More software is just good for us, because all that software needs to eventually probably touch some type of unstructured data in an enterprise context...

If you're in a regulated industry, you need to govern that data. You need to be able to have audit logs. You need to be able to have a place where you store and and can go do discovery on that information. So the part that actually has to keep state forever, up to the point that the customer cares about working with the data, is the information that that agent worked with.

And so we really imagine a world where, let's say you have 10 or 100 or 1,000 times more agents in an enterprise than people, even they will need to do work on this unstructured information. And importantly, when they do that work, oftentimes an end user will actually need to see the result of that work or go back-and-forth with the agent. So fundamentally, there needs to be some type of shared file system for them to be able to do that work. And that's why we are in a very strong position as a platform for both agents and applications, both of which will grow due to AI, to be able to manage that content...

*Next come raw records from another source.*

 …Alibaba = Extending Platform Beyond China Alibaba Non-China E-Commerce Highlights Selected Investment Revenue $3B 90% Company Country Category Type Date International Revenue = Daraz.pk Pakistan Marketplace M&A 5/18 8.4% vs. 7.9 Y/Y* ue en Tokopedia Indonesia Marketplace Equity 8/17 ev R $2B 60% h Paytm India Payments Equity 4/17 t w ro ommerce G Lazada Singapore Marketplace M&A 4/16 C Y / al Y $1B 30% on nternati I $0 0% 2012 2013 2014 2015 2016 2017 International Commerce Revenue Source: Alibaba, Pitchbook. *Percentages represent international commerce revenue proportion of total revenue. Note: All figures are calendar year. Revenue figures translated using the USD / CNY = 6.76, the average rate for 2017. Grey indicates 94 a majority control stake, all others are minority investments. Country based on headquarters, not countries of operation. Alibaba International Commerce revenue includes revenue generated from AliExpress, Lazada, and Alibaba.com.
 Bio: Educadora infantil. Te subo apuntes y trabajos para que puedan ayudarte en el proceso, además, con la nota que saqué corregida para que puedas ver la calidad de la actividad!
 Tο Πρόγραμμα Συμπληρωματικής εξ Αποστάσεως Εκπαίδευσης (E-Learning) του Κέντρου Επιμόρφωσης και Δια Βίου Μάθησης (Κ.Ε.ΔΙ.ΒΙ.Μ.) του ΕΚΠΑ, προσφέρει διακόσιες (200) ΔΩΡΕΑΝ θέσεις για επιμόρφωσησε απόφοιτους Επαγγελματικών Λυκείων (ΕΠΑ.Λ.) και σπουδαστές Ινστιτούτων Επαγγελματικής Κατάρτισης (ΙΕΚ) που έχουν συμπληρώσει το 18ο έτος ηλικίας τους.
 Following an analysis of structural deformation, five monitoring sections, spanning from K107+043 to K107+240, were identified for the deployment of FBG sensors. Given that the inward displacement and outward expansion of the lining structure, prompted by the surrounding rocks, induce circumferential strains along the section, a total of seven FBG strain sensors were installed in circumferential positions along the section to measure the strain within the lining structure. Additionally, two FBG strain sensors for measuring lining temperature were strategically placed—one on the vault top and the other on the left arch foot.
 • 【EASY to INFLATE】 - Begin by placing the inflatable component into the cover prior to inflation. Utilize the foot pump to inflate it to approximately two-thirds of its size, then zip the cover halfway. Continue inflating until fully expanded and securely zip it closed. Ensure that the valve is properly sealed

This is directly what we're seeing already from our customer base and developer base, and so we're just excited to continue to make that as frictionless as possible, and continue to kind of pour fuel on that fire.

Enterprise traction

As evidence of that enterprise traction, Box points to rapid adoption of its top-tier Enterprise Advanced subscription plan, which bundles its complete suite including workflow automation, advanced AI, and secure content management. First introduced in January last year, by the end of Q4 it was already accounting for 10% of the company's total revenue. Among the early adopters, Levie cites a leading biotech company that is set to use AI to extract critical commercial data directly from documents for use in applications, and a leading global robotics company that aims to streamline quote creation and approvals with Box DocGen, Box Sign and Box Apps, as well as applying metadata extraction and OCR to financial and legal documents.

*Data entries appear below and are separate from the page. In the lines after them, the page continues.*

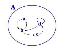 Eine wichtige Darstellungsmöglichkeit für eine Relation auf einer Menge ist durch ein Pfeildiagramm gegeben, man spricht auch von einem gerichteten Graphen. Dabei werden die Elemente der Grundmenge als Punkte (Knoten) gezeichnet, und es wird genau dann ein Pfeil von Punkt zu Punkt gezeichnet, wenn gilt. Die Richtung des Pfeiles ist dabei wichtig. Wenn allerdings die Relation symmetrisch ist, so gibt es zu jedem Pfeil den entsprechenden Rückpfeil. Daher drückt man symmetrische Relationen direkt durch ungerichtete Pfeile (Kanten, Verbindungsstrecken) aus und spricht von ungerichteten Graphen.
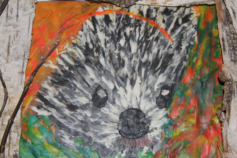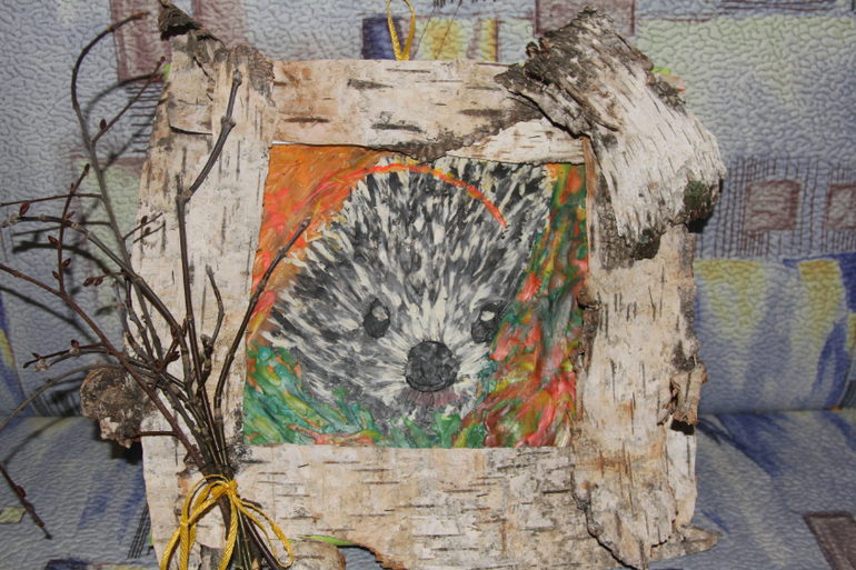 Для Ксюши - пластилиновый ежик, она сама его лепила на бумаге. Нашли мы картинку в инете. Точную копию она не захотела делать, переделала, как самой захотелось. А потом начались терзания по поводу рамки, потому что без рамки всех трудов и не видно вовсе, а ребенок очень старался. Если с Наташей больше 50% я сделала, то Ксюня сама больше половины труда во все это вложила. Особенно ее порадовало отрывание бересты с дров;) у соседей:)))))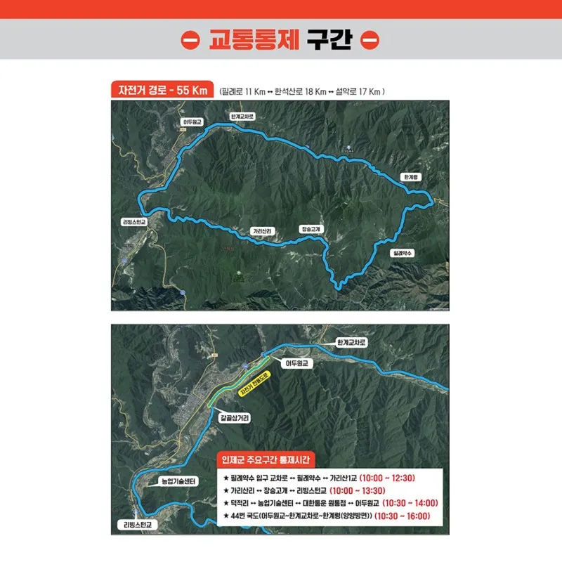 · 서행통제(07:30~16:30) : 대회 코스 구간(안내문 참조)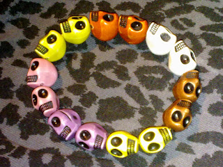 Durante todo el verano he visto las pulseras con calaveras de colores y me moría de ganas de hacerme una, pero no encontraba las cuentas en ningún sitio. pero he encontrado unas pocas y he hecho algunas combinaciones, mi idea es hacerlas yo en fimo en breve con un molde, a ver como me quedan...! mientras os enseño estas, espero que os gusten: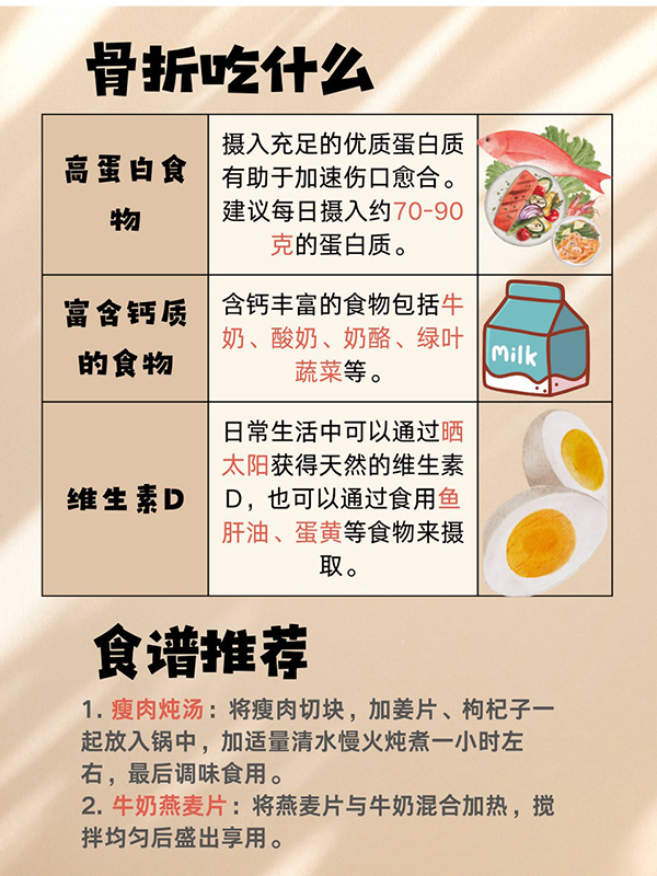 其實(shí),通常骨折后一般沒(méi)有太大的飲食禁忌,主要是不能吃一些辛辣刺激和生冷油膩的食物。以清淡易消化的食物為主,適當(dāng)喝一些骨頭湯,牛奶等補(bǔ)鈣的食物,可以促進(jìn)骨折處鈣鹽的沉積,加速骨折愈合。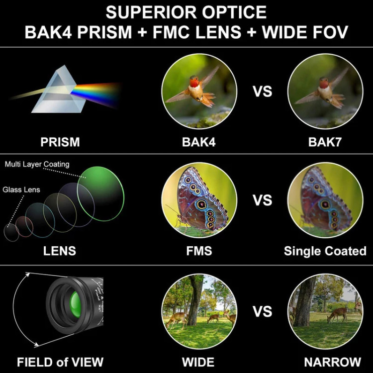 1. انتقال نور 99.5٪: تصاویر با کنتراست و وضوح بالا، آخرین فناوری نوری، مجهز به منشور BAK-7 و لنز پوششی کاملاً چند لایه، می تواند انتقال نور و روشنایی عالی، انتقال نور تا 99.5٪ را تضمین کند. 2. این تلسکوپ میدان دید وسیعی دارد و در هنگام ماجراجویی در فضای باز از بهترین دید برخوردار است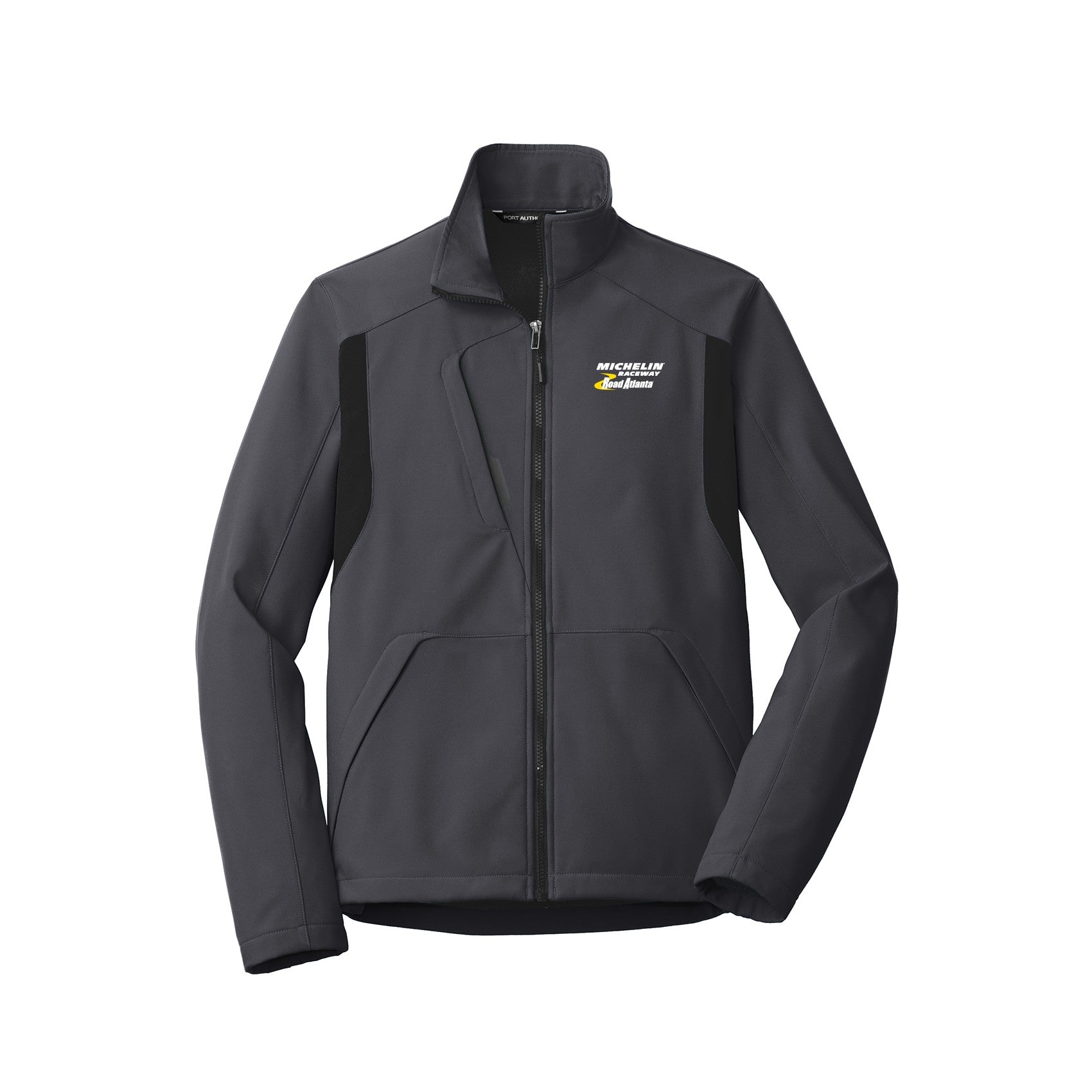 Stay comfortable and showcase your passion with the MRRA Back-Block Soft Shell Jacket in grey and black. Featuring the Michelin Raceway Road Atlanta logo embroidered on the left chest, this jacket's color block design adds a modern touch. Made from middle-weight fabric, it offers balanced warmth and durability, making it ideal for unpredictable weather or race day events.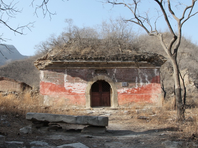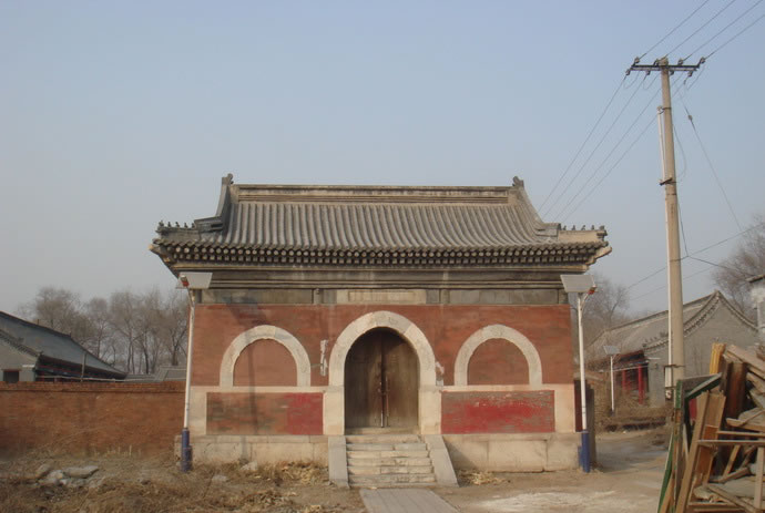 廣智禪寺 廣智禪寺坐西朝東,占地5畝左右,始建于明建文時(shí)期,清代曾修繕。原有兩進(jìn)院落,前低后高,梯狀布局。山門早已無存,門后為紅墻觀音寶殿,為全部磚石結(jié)構(gòu)的穹窿頂無梁殿,面闊9.50米,進(jìn)深8.40米(面闊與進(jìn)深相差不大,幾近正方形),據(jù)說是北京地區(qū)跨度最大穹窿頂古建筑。四面無窗,只有正面一個(gè)青石拱券門,廡殿頂灰筒瓦屋面,門上原有石額:“觀音寶殿”,2013年秋被盜走。殿內(nèi)原有漢白玉雕須彌座,現(xiàn)也已無存。

Taking into account customers for other suites, two-thirds (66%) of revenues now come from suite sales, up from 60% a year ago. The overall net retention rate is also up, to 104% from 102% a year ago. This is expected to continue trending up through FY27.

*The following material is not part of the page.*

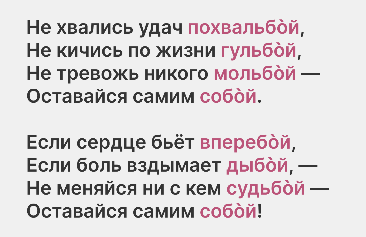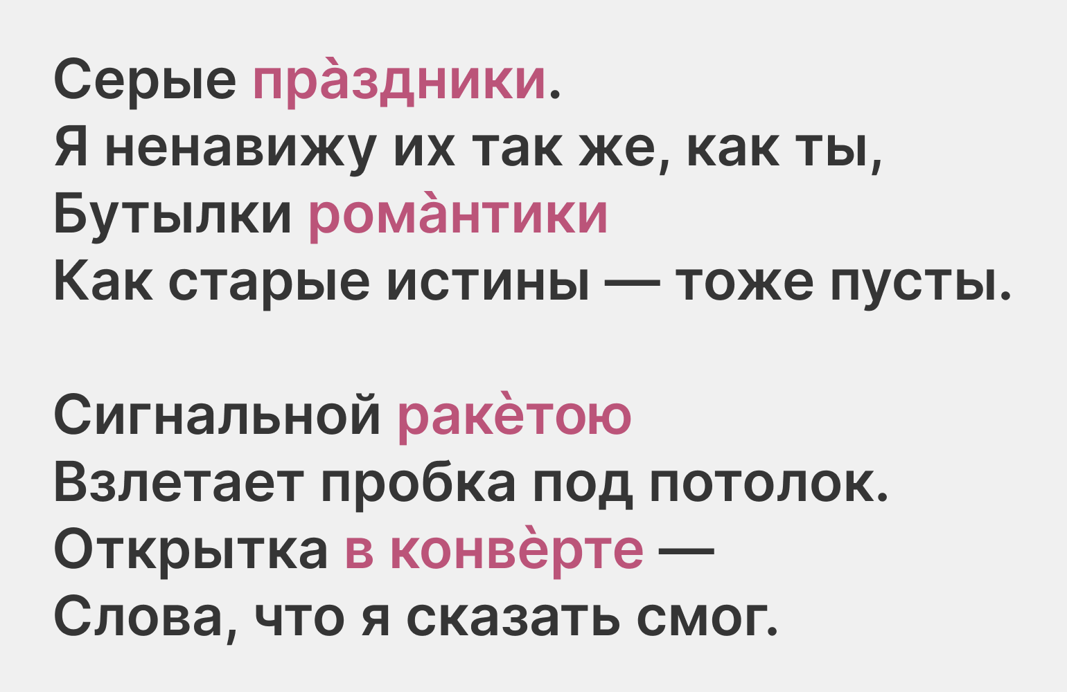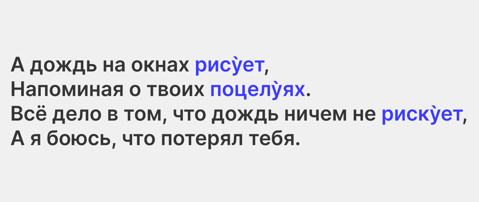 Звучит уже не так романтично и возвышенно, правда? Текст стал проще, приземлённее. Да и рифмы мы выбрали самые простые.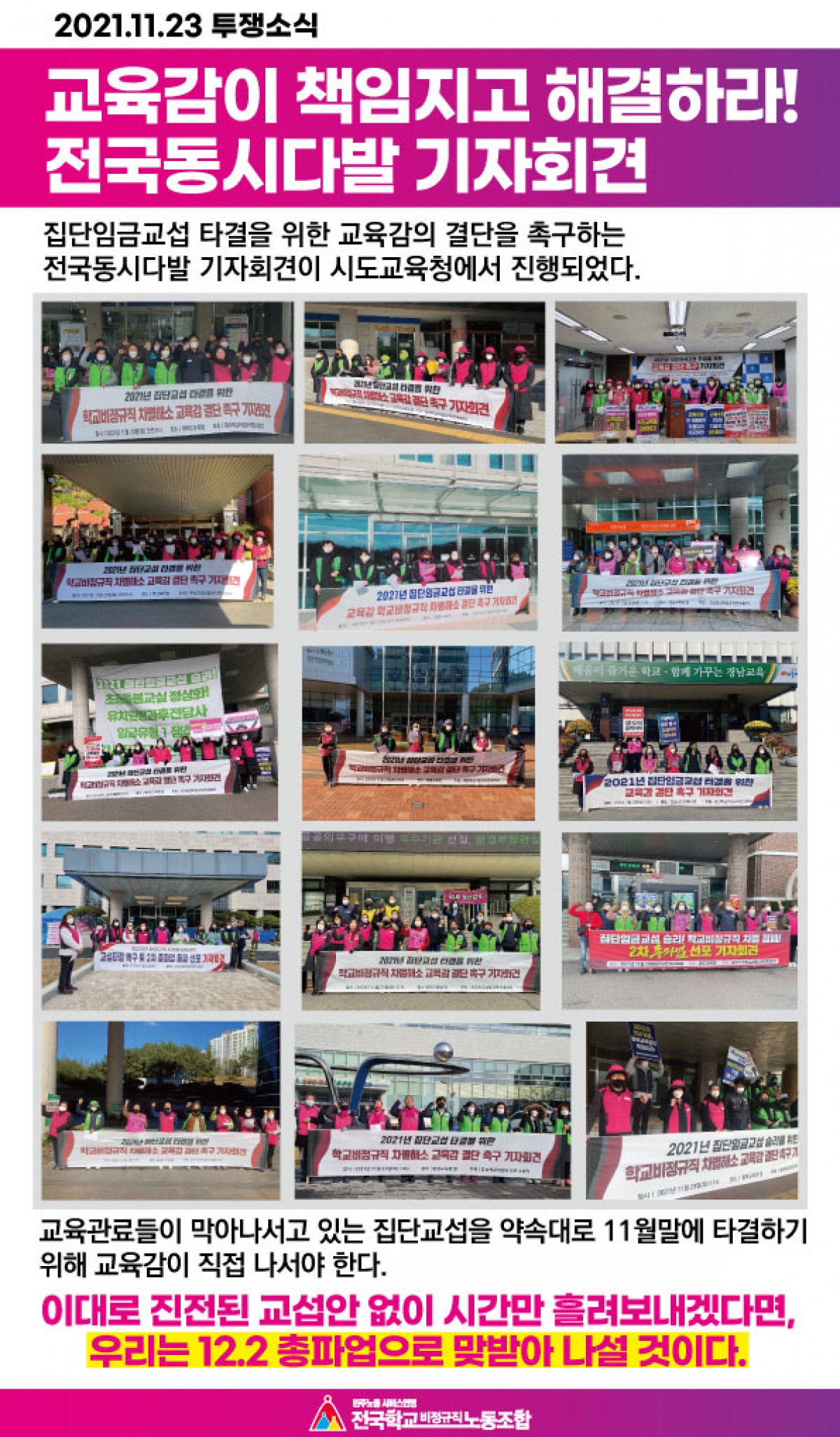 교육감이 책임지고 해결하라! 전국동시다발 기자회견 개최

What if agents are consuming Box services through the platform API rather than the traditional user seat licensing model? "We already have a business model for that," says Levie, with API and AI unit consumption options as an alternative to user seats. He continues:

We can grow either through platform consumption or we grow through continued seat adoption, both of which we're seeing right now in the business. And so I think we're protected on both dimensions there. It's really, again, because of the critical nature of how companies need to manage this information. You need data governance, you need data security, you need compliance, you need data residency. None of that can go away in a world of agents.

In fact, probably it becomes more important in a world of agents, because if you have 100 times more agents running around doing loan processes than you had people, the chance of a mistake happening, the risks of an agent revealing the wrong piece of information to a client, goes up exponentially. Those agents don't have context for what they should or shouldn't be sharing. It's very easy to prompt-inject those agents. There's a lot of risks that can emerge. So you need to give them isolated environments, but those are isolated environments that need some degree of controls and mechanisms and, in many cases, collaboration with the user. So that's what we're powering.

That's what our platform has always done for humans and for applications, and now we're adding agents into the mix. And why we see this as, again, just universally, a good thing.

My take

As we keep on saying here at diginomica, systems of agents need systems of knowledge, and as that need for knowledge accelerates, vendors like Box are well placed to benefit. Levie argues the case persuasively.